12. The principle enunciated in in re Benzon Bower v. Chetwynd (1914) 2 Ch. 68 also has bearing. In that case, the donee of a general testamentary power of appointment over a fund of 1 15,00.0. was adjudicated bankrupt in 1890 and again in 1892. He died in 1911, without having obtained his discharge. By his will, he exercised this power of appointment. An action for the administration of his estate was then commenced. The principal asset of the estate was the fund over which he had held the power of appointment. The creditors who had proved in the bankrputcies claimed in the administration suit to be paid out of this fund. The Court of Appeal held that while the appointment and the death of the appointor made a new fund available for the creditors and the administration suit provided a new method for enforcing payment, a creditor's cause of action remained the same, being on the old debt. The law of limitation had commenced to run before the adjudication, which did not interrupt time running so far as the administration suit was concerned, and as the claims had become time barred, they could not be enforced. In other words, the rule that limitation does not run in respect of claims against an estate which is being administered in bankruptcy, provided that they were enforceable at the date of adjudication, does not apply when a creditor is seeking to enforce payment in proceedings outside the bankruptcy. The same principle must apply in an administration suit. In this case, time did not run against the defendants in the administration suit; but as that suit has been dismissed and they are now seeking to enforce payment outside the suit, the law of limitation applies.

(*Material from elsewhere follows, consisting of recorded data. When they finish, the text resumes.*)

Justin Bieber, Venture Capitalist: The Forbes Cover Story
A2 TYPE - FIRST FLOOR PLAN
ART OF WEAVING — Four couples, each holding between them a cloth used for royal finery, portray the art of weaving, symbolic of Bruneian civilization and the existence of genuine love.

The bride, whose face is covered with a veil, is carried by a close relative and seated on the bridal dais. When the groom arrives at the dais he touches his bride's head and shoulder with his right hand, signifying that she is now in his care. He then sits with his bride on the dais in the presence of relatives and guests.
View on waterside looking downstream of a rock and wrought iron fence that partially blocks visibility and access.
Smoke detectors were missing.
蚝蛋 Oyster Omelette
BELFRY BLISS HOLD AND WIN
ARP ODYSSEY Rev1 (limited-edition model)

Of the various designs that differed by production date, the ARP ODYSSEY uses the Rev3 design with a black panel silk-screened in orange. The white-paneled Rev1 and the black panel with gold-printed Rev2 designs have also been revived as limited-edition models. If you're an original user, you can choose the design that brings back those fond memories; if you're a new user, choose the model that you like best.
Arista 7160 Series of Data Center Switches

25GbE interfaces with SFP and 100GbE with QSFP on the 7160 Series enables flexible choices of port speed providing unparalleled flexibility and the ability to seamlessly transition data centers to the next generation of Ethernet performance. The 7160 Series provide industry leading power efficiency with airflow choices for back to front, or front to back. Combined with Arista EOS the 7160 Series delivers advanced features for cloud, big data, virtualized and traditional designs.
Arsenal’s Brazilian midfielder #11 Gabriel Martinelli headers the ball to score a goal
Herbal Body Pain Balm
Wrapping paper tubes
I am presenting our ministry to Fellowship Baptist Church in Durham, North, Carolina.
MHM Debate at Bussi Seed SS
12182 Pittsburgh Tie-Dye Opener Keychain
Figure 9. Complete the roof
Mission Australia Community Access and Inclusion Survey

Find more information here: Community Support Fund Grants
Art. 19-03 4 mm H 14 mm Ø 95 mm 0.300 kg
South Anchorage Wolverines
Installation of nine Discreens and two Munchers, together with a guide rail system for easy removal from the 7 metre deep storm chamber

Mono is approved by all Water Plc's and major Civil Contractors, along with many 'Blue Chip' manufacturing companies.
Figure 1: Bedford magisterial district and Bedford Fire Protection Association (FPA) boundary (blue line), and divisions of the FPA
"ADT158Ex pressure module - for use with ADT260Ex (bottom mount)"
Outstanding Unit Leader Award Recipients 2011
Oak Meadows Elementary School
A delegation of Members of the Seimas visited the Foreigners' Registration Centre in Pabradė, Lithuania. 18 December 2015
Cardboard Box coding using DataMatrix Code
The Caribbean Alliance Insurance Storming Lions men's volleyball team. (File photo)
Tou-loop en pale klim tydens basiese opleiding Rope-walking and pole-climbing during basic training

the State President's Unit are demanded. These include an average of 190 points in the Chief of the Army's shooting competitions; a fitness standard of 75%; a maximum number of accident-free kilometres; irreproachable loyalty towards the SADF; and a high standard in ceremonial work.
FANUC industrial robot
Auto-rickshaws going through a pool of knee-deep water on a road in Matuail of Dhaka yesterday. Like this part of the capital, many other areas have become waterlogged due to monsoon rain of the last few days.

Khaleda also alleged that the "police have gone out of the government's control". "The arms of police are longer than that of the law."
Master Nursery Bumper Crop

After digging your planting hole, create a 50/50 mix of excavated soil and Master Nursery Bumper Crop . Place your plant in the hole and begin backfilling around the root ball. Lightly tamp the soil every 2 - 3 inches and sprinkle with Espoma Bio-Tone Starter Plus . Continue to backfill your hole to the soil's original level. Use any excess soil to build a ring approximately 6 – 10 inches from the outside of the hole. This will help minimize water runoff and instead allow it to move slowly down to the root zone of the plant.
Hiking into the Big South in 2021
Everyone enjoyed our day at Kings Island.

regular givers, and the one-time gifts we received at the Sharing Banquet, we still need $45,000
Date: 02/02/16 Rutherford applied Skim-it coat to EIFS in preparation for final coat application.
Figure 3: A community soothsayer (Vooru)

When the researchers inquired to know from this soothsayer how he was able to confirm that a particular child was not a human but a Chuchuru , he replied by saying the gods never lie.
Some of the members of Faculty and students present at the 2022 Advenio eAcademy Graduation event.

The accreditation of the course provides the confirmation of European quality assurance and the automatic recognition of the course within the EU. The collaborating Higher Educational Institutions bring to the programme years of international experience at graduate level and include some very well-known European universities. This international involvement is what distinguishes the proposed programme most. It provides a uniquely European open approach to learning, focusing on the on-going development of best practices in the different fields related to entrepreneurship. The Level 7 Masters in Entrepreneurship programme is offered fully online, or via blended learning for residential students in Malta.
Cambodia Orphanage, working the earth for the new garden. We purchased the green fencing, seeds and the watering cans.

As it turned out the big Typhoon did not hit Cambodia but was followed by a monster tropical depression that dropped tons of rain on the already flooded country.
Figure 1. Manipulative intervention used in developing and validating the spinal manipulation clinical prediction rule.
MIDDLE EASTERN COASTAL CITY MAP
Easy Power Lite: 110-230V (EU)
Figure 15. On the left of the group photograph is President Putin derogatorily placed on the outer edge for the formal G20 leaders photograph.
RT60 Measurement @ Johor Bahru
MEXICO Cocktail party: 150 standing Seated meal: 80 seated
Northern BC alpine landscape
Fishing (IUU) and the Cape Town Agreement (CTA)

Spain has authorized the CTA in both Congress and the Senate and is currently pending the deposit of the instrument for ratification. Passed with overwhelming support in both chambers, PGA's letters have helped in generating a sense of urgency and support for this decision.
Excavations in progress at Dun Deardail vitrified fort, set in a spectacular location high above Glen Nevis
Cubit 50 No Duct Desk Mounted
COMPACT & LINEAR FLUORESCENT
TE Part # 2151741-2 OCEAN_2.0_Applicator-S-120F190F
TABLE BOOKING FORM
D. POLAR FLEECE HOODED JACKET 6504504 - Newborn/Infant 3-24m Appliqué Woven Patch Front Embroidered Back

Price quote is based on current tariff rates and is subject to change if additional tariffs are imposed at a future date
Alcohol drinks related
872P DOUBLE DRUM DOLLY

13. The defendants have only themselves to blame for the position in which they find themselves. They would have got their full rights if they had not objected to the institution of the administration suit. While insisting on the technical plea that the suit did not lie, they did not take the precaution to keep their decrees alive, which they certainly should have done in the circumstances. The appellant was wiser and he must have the reward to which his care entitles him.
14. The appeal will be allowed and the suit decreed with costs here and below.